Thursday, November 15, 2012

Manly Men and Manly Man-Films and how they're viewed- a personal experience.

Evan Lahee

When covering the subject of masculinity in media in class, it conjured up a long-buried memory.
Growing up I was always made fun of. I was the odd man out. The fat kid. The one who was always just finding out what was "cool" after the others had learned for days. Eventually this began to affect me worse as I grew older and began to take an interest in girls. After tiring of the "ewws" and rejections simply because "you're fat", I began to take a hint from the movies and animes I'd grown up with and go to the gym.
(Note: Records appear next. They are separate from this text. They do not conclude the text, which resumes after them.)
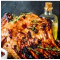
Robin is Back Grilling Up BBQ for Five Days
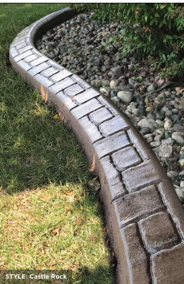
STYLE: Castle Rock
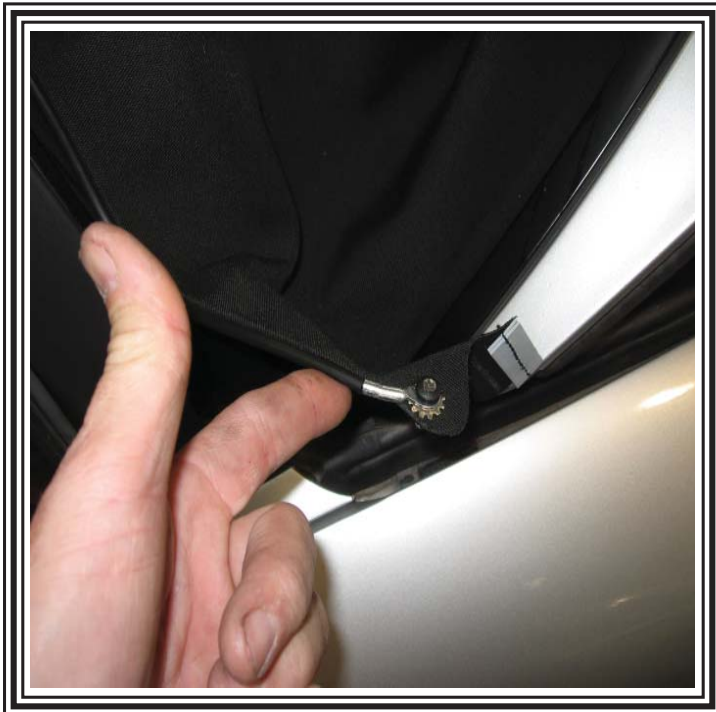
Screw into the material first to lock the cable into place.
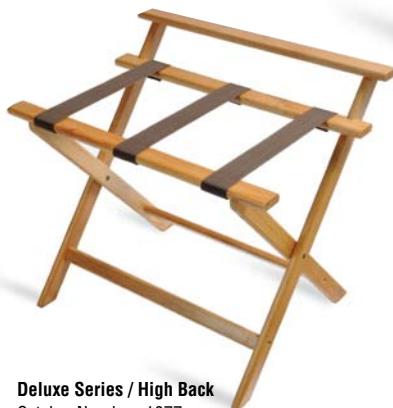
Deluxe Series / High Back Catalog Number: 1077 22.5"H x 18.5"D x 26"W
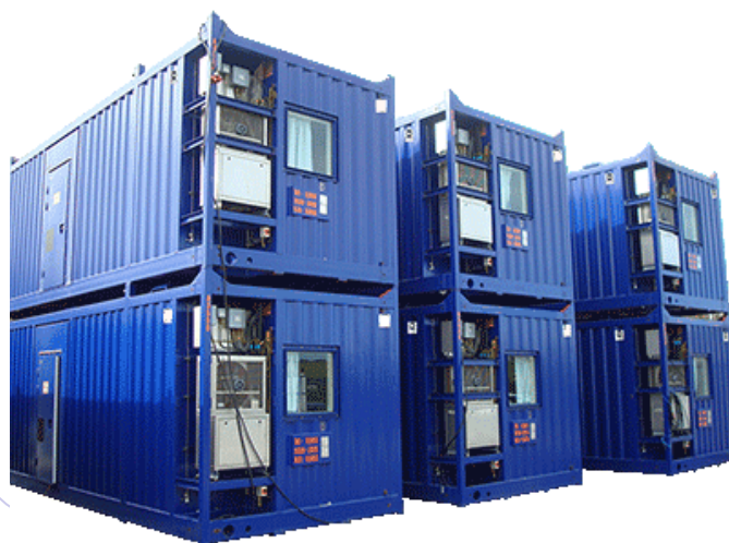
Offshore Accommodation Complex
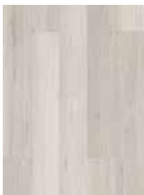
105 Blackbutt Ivory
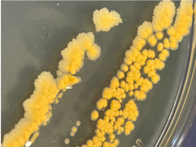
Bacteria growing after being frozen.

The survival mechanisms of polar fish have led scientists at the University of Warwick to develop of a revolutionary approach to 'freeze' bacteria. The new technique could radically improve the work to store and transport human tissue.
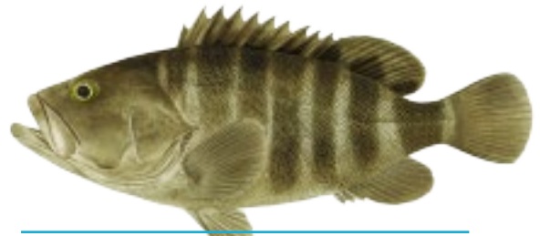
NAME: Eightbar Grouper SCIENTIFIC NAME: Epinephelus octofasciatus FIJIAN NAME: Kawakawaninubu, Balobi
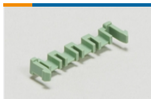
PCB Latches, Locks & Retainers(2)

I did the best I can to believe I could be a Rocky Balboa, or train like Van Damme in Bloodsport, to be at the best of my ability and try to look like I had a good physique and (sadly) cared about my looks and appearance. After a couple years of "shaping up" and further watching these films, I decided to replicate the attitudes of these "manly", or what society had deemed "manly" archetypes in my own personal life, as an experiment of sorts to see which people in my life were easily influenced by what culture dictated, and which people were real. I put on the facade (to my close friends' knowledge of course) of a muscle-bound completely confident asshole, and sadly, it worked. The people I'd wanted acceptance from turned out to be the fake ones who took others at skin depth, never asking or prodding for the person beneath, face value was enough. This quickly allowed me to eliminate the people from my social life who were fake and allow in and keep the ones who were real and wanted to know the real me.

It's sad that a majority of the people I've met in my life so far have been this shallow, but luckily by this age and at college people know to look at the real person and past the type of clothes /physique / looks they have, which is a relief, and why my sick experiment has been over with for years and I've never been happier in that regard.